# AVAILABLE DATA:
--------
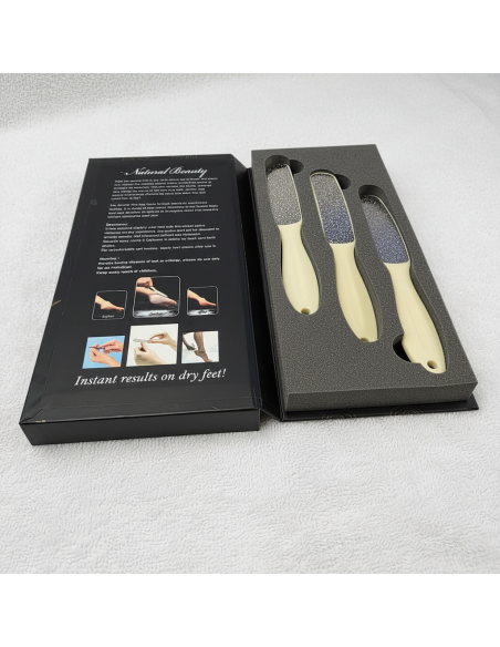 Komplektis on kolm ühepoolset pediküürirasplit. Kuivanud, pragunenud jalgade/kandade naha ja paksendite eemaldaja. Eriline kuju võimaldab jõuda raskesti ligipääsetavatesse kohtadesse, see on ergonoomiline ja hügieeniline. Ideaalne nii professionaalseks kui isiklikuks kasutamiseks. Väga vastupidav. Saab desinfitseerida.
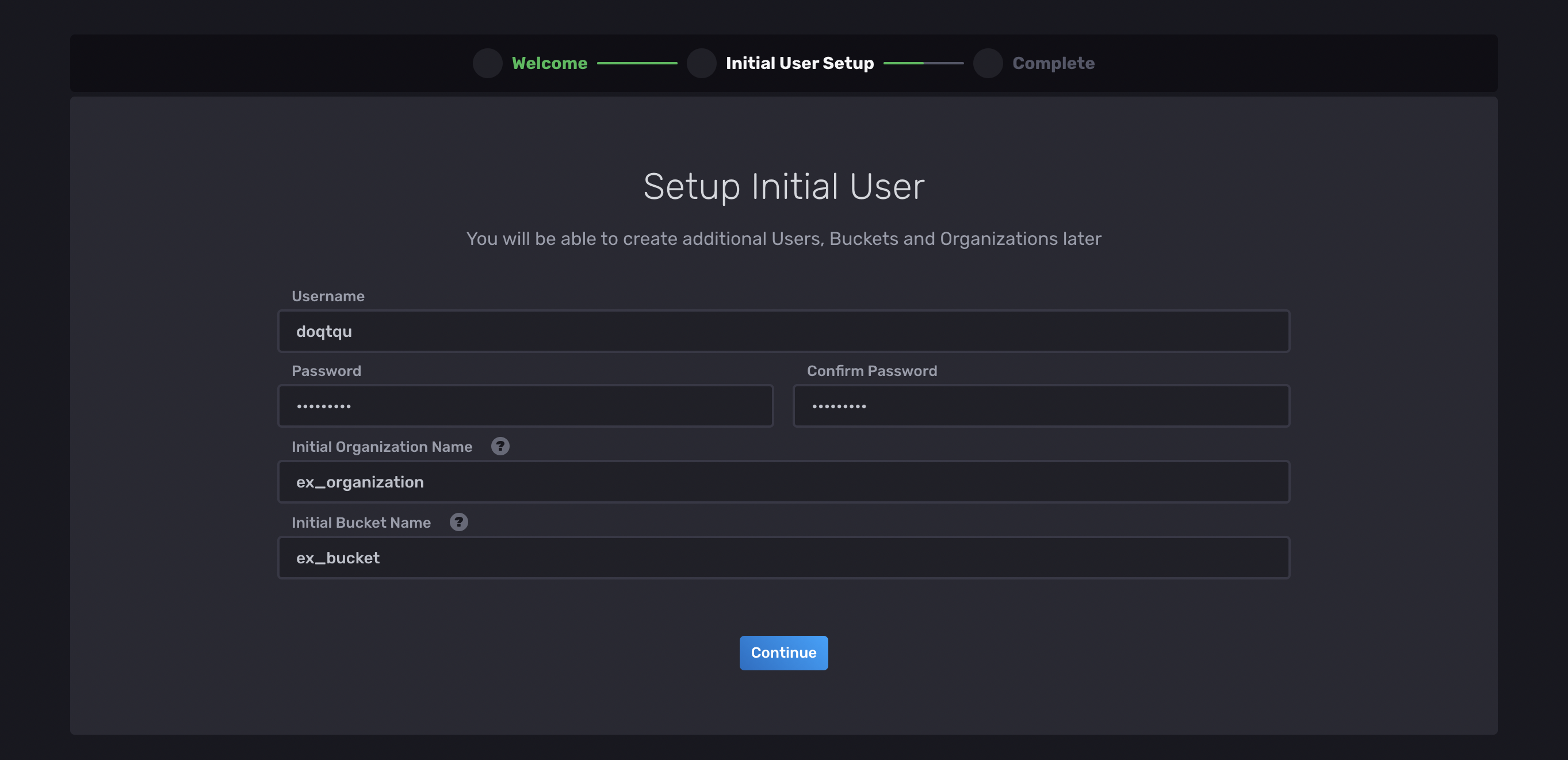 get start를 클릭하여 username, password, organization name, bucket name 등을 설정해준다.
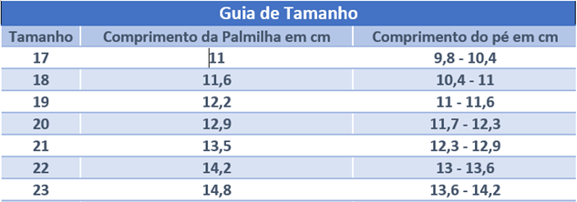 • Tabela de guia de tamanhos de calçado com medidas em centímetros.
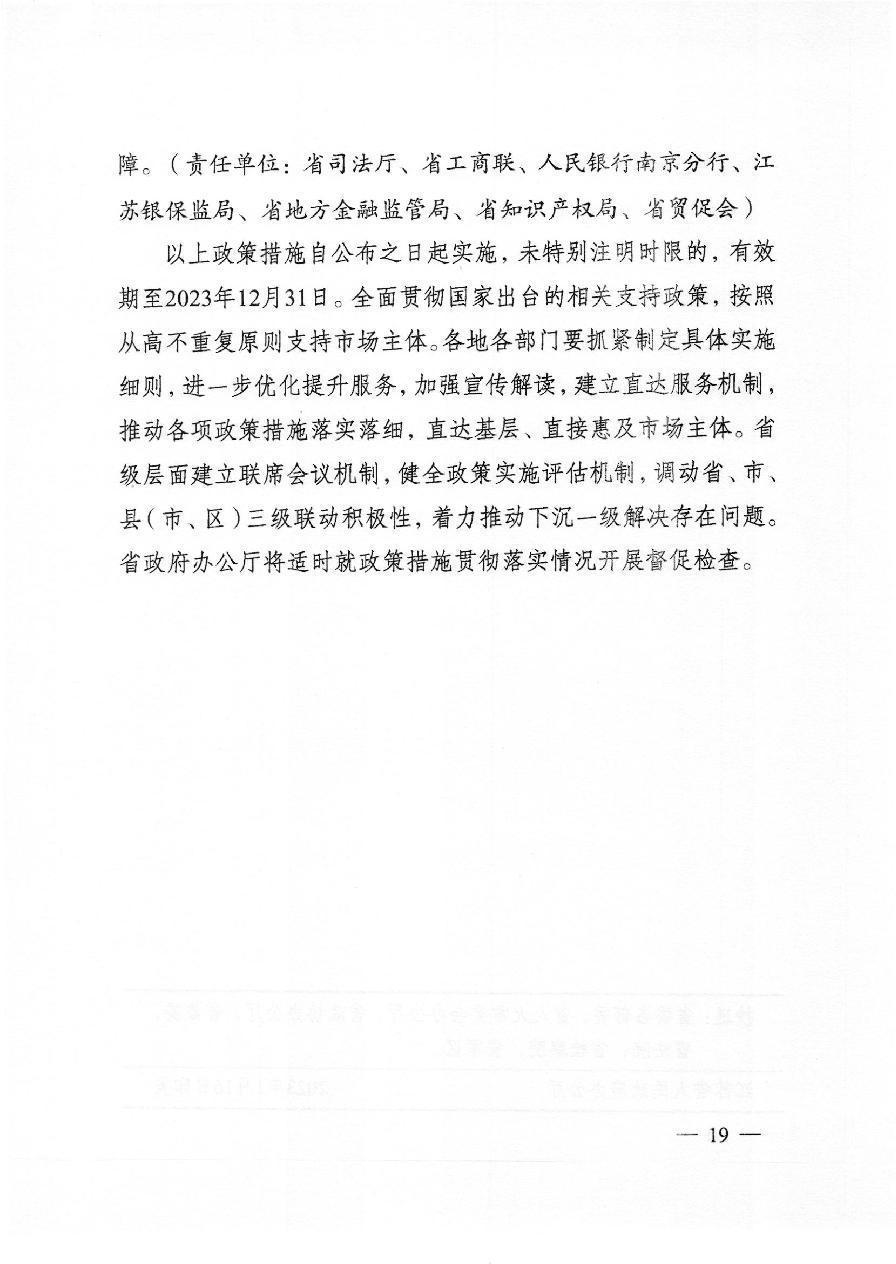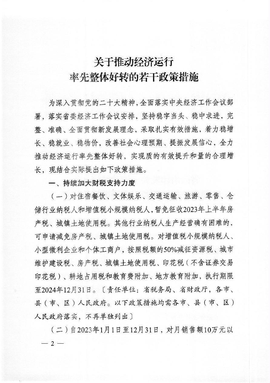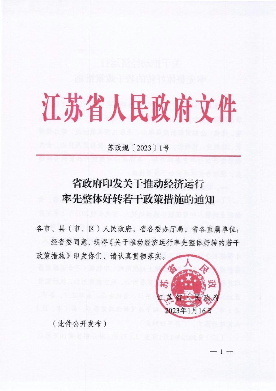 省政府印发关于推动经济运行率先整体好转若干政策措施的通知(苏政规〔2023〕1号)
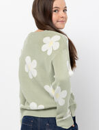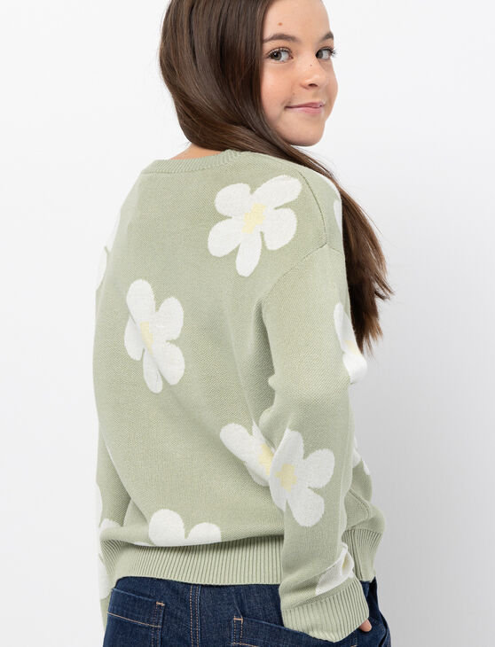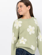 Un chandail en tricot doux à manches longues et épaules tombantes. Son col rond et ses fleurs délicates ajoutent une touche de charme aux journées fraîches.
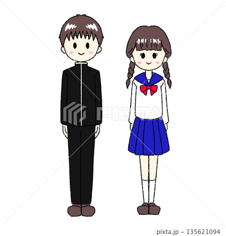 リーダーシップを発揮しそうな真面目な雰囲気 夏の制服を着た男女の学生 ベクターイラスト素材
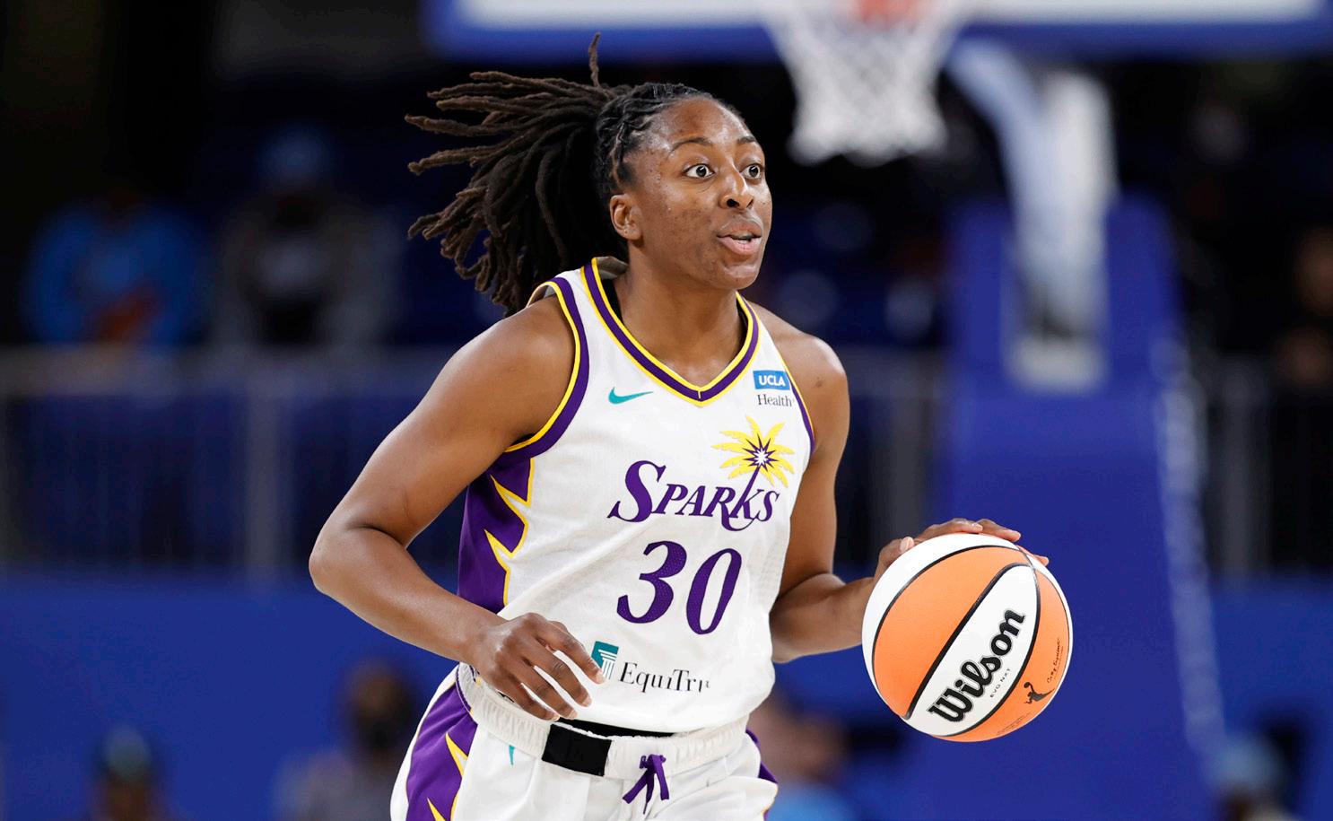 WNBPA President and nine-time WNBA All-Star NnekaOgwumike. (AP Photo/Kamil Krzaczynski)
--------
# WORK TO COMPLETE:
Extract all the entries word for word; omit any pictures.

# FINISHED TASK:
 Komplektis on kolm ühepoolset pediküürirasplit. Kuivanud, pragunenud jalgade/kandade naha ja paksendite eemaldaja. Eriline kuju võimaldab jõuda raskesti ligipääsetavatesse kohtadesse, see on ergonoomiline ja hügieeniline. Ideaalne nii professionaalseks kui isiklikuks kasutamiseks. Väga vastupidav. Saab desinfitseerida.
 get start를 클릭하여 username, password, organization name, bucket name 등을 설정해준다.
 • Tabela de guia de tamanhos de calçado com medidas em centímetros.
 省政府印发关于推动经济运行率先整体好转若干政策措施的通知(苏政规〔2023〕1号)
 Un chandail en tricot doux à manches longues et épaules tombantes. Son col rond et ses fleurs délicates ajoutent une touche de charme aux journées fraîches.
 リーダーシップを発揮しそうな真面目な雰囲気 夏の制服を着た男女の学生 ベクターイラスト素材
 WNBPA President and nine-time WNBA All-Star NnekaOgwumike. (AP Photo/Kamil Krzaczynski)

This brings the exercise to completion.